For instance assume, GKC developers limited enters into a agreement with land owner Mr. Nagarjuna whereas in lieu of this agreement a total of 1000 residential units will be constructed by GKC ltd on the land provided by Mr. Nagarjuna, whereas 40% of the units i.e. 400 units shall be given to Mr. Nagarjuna and rest 600 units shall be taken by GKC ltd. Both can commercially sell the units in the open market. Land owner gets 400 units of flats in lieu of the land given and Developer gets 600 units of flats in lieu of the construction work done.
Based on above, redevelopment transaction is a barter transaction between landowner and developers. Here developer is providing construction service to landowner. Value of construction service shall be ascertained on the basis of flats given to landowner in exchange of development rights given by him to builder.
Further, as per decisions taken in 14th Meeting of the GST Council held on May 18-19, 2017 in Srinagar, J&K; 18 sectoral groups have been constituted representing various sectors of the economy in order to ensure smooth roll-out of GST. One such sectoral group is "MEDIA & ENTERTAINMENT SECTORAL GROUP" which has issued some FAQs on GST in respect of Construction of Residential Complex by Builders/Developers. In these FAQs, following clarification has been given in respect of land owner's share of the flats/houses:-
"Q.16) Whether GST is payable on the owner's share of the flats/houses/portion of the building constructed by the builder/developer and given to the land owner as per the development agreement?
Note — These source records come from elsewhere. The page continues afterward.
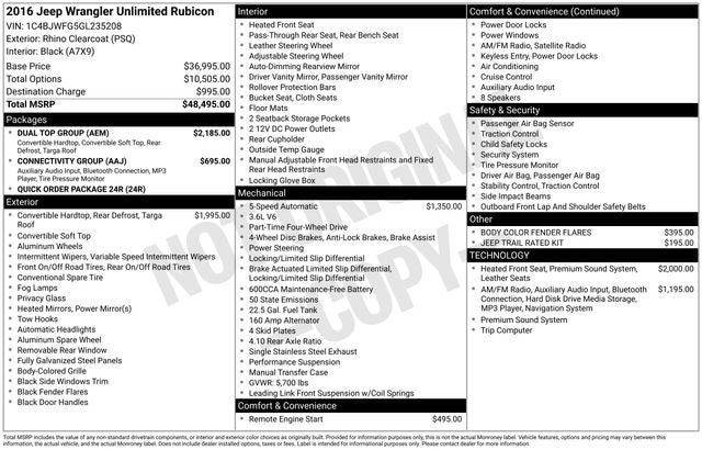 Imagine the thrill of conquering the great outdoors in this capable and well-equipped Wrangler. With its exceptional performance, advanced technology, and uncompromising Jeep heritage, this Rubicon model is a must-see for any true enthusiast.
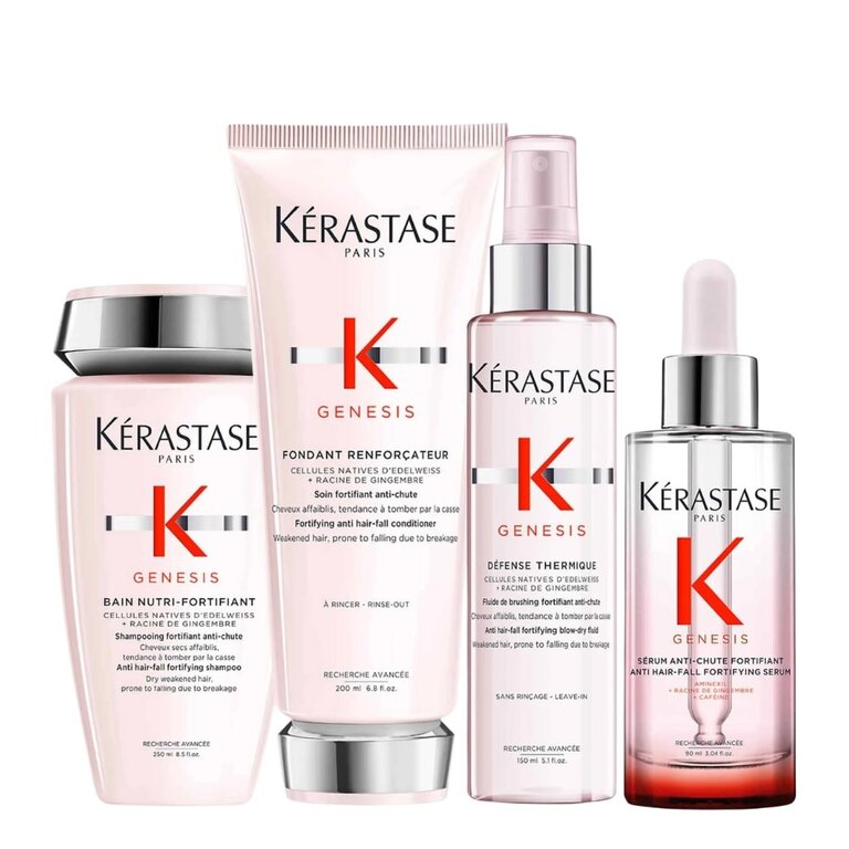 Évaluer Ensemble anti-chute cheveux secs Genesis avec Bain Nutri-Fortifiant, Fondant renforçateur, Fluide de brushing Défense Thermique et Sérum anti-casse fortifiant (250ml/8.5oz, 200ml/6.8oz, 150ml/5.1oz, 90ml/3.04oz)
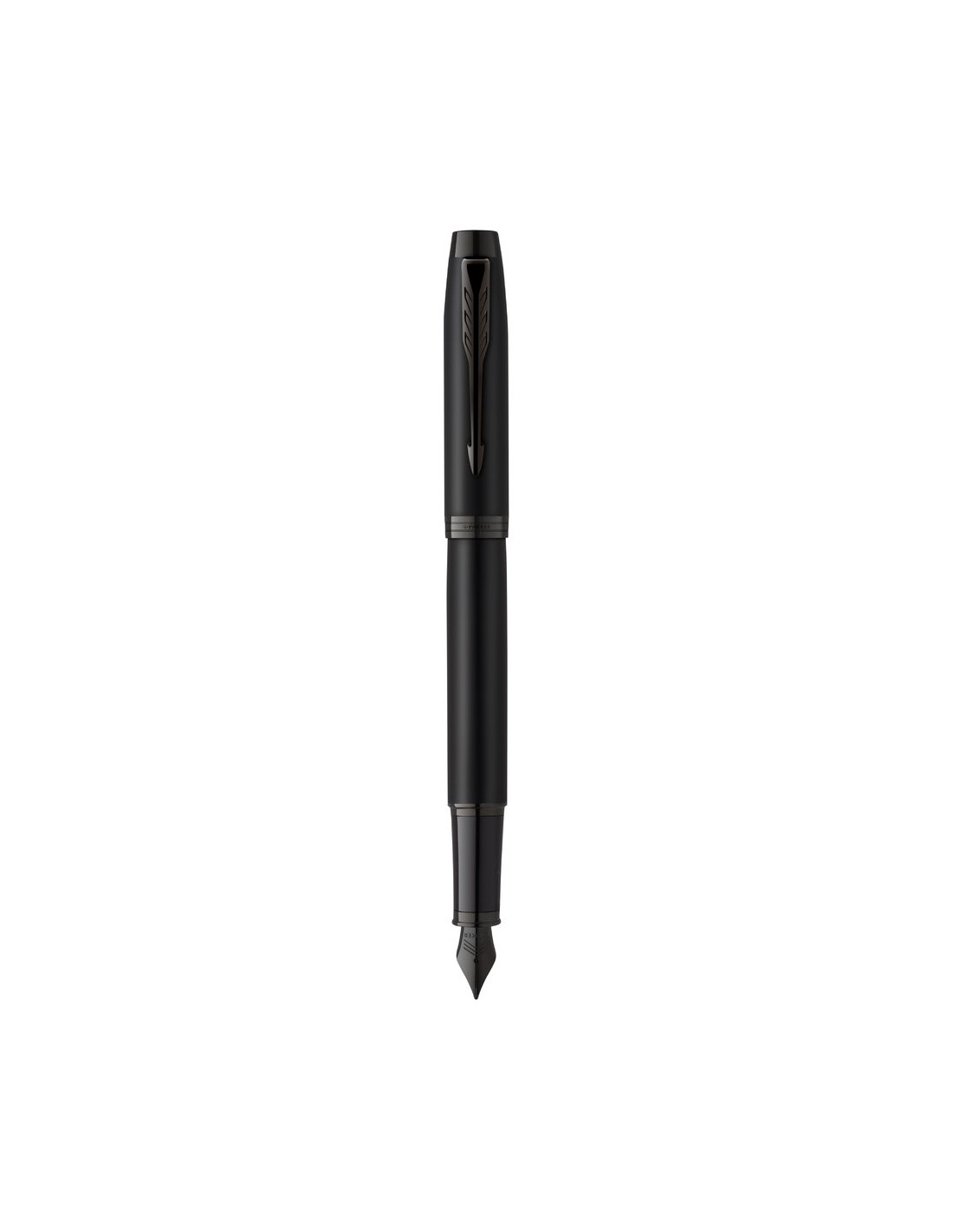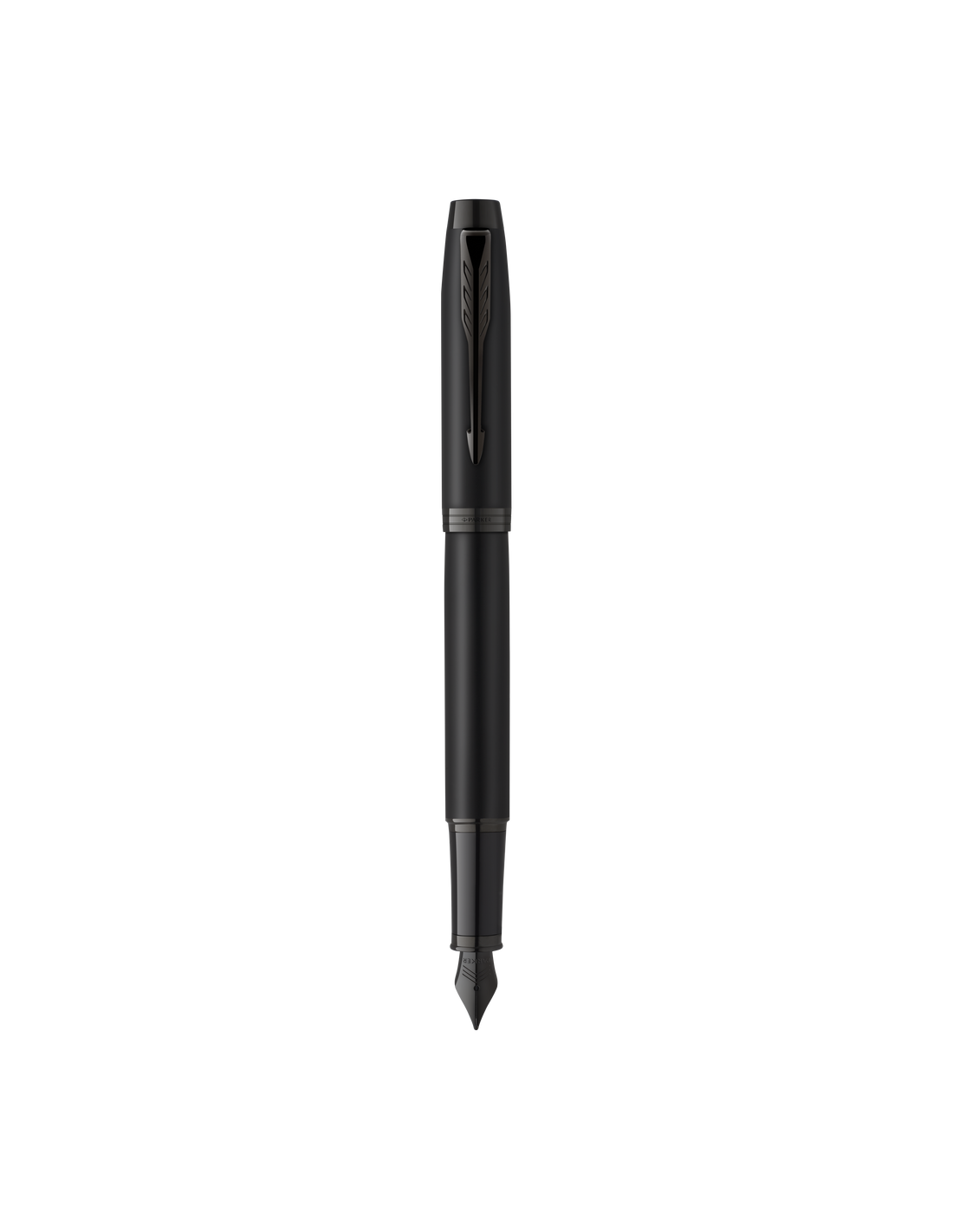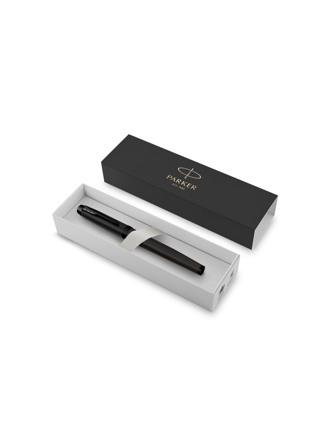 Pluma estilográfica Parker IM Achromatic, fabricado en acero inox de acabado lacado en negro mate y en tinta azul. Con adornos negros e inconfundible clip con la forma icónica en punta de flecha de la marca en la capucha. Un diseño elegante, refinado y de eficacia probada, complementado con una silueta moderna. Presentación en estuche individual negro con logotipo Parker. Parker IM es la gama de entrada al universo Parker, cuidada en cada detalle y pensada para el uso intensivo diario. Con tinta Parker Quink, que ofrece una escritura fluida y fiable sobre el papel.

Ans. 16:- The builder/developer is liable to pay GST even on the share of the land owner and given in lieu of the land received for the development, besides GST on the builder/developer's share of the complex/building.”

In the above transaction, the builder/developer receives consideration for the construction service provided by him, from two categories of service receivers: (a) from landowner: in the form of land/development rights; and (b) from other buyers: normally in cash. Thus, the builder is liable to pay GST not only on his portion of the complex/building, but also on the share of the land owner.